Definição do rapaz
Paulo Mendes Campos
Em 1946, Rubem Braga e eu,
então moradores de uma casa à rua Júlio de Castilhos, resolvemos estudar
inglês. Um anúncio de jornal nos fez decidir sobre o professor. Nós lhe
telefonamos, ele veio, combinou-se o preço, aulas três vezes por semana.
Tratava-se de um inglês
alto, de testa estreita, cinquentão. As aulas, às oito horas da manhã, para
dizer a verdade, não eram muito excitantes. A fim de fugir delas, passamos a
usar do expediente primário de mandar a cozinheira dizer que não estávamos em casa.

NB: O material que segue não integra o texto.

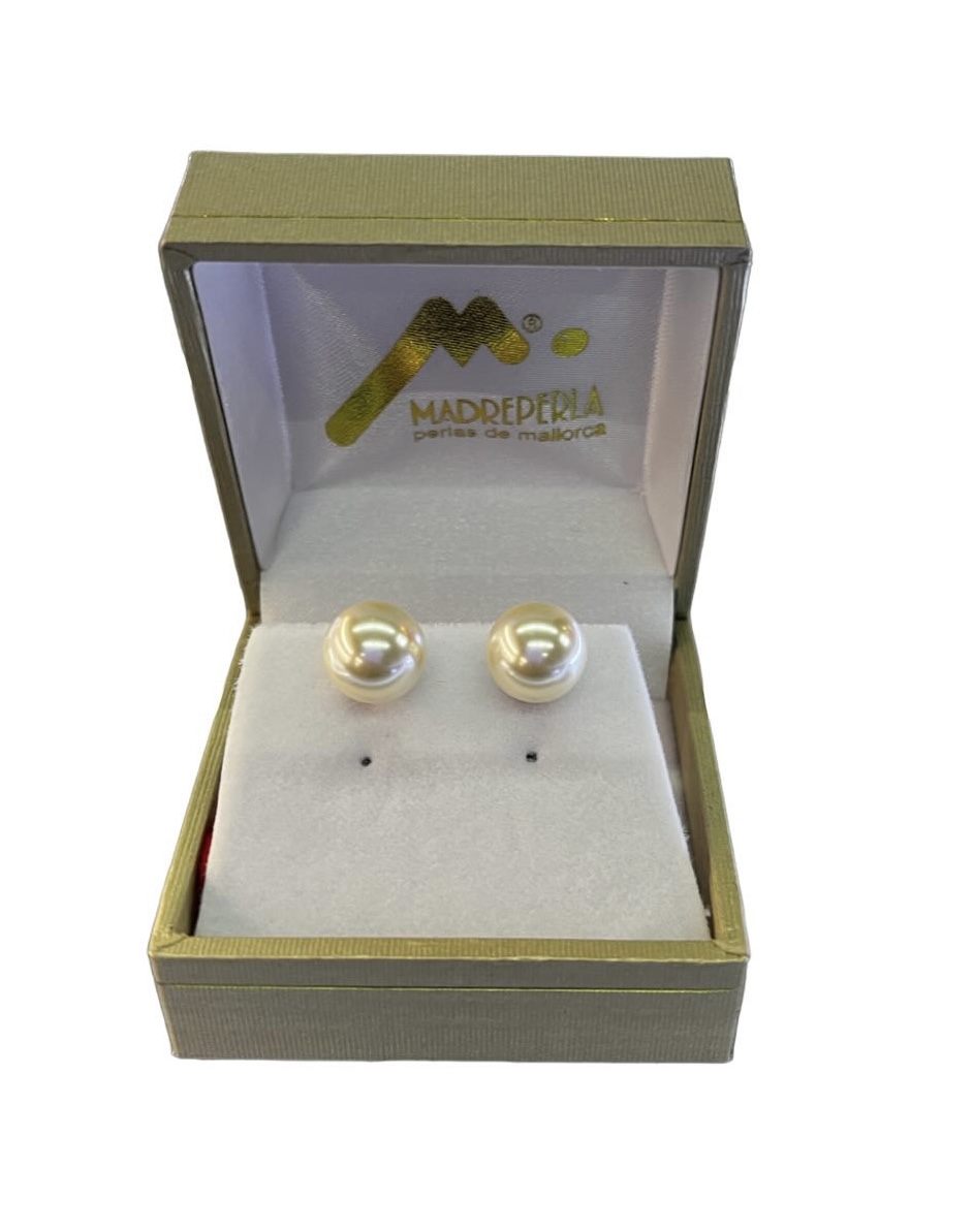 Set Collar De Perlas 40 Cm Mas Aros De Mallorca Enchapado En Oro

Entretanto, o empedernido súdito de sua majestade não acreditava na desculpa:
– Oh, as preguiçosos ainda
eston no cama.
E gritava escada acima:
– Mim está aqui esperando
preguiça brasileira.
Não havia jeito, senão
descer. E tome verbo irregular. Incapazes de liquidá-lo, sugerimos que, em vez
de gramática, fôssemos traduzindo obras literárias, que isso era mais
agradável, etc. Foi o diabo. Não me lembro de ter visto, em toda a minha vida,
mais inenarrável expressão de estupor do que o dia em que traduzimos um soneto
de Ezra Pound, em que o poeta se dizia uma árvore de galhos abertos, no meio de
um bosque. O professor arregalou os olhos com um tal brilho de incompreensão
total e absoluta da imagem poética que fomos obrigados a desistir
definitivamente da poesia. Nunca mais se falou nisso.
E como as aulas
subsequentes continuassem monótonas, apelamos para a prosa. A fim de aliciá-lo,
procuramos afagar seu nacionalismo falando em Bernard Shaw. Pasmem-se os
incrédulos. O mestre fez um ar polido de curiosidade e perguntou:
– Bernard Shaw? Quem é ele?
Pois o homem não estava
fazendo humour não. Era no duro, nunca ouvira falar em Bernard Shaw. Trouxemos,
então, a peça Androcles and the Lion e começamos a traduzi-la. Dessa vez, a
coisa ia melhor. O professor mostrava algum interesse pelo enredo e, para a
nossa admiração, pediu o livro emprestado, a fim de lê-lo em casa.
Levou uma semana com o
livro. E um dia veio até nós com o ar astuto de quem descobriu a brincadeira
que estão preparando para ele. Entregou-nos o livro se rindo muito:
Mim pensou que era coisa
séria.
– I beg your pardon,
exclamamos em coro.
– Essa peça é somente um
joke, disse ele. Leão no fim dança com homem. Ih, ih, ih.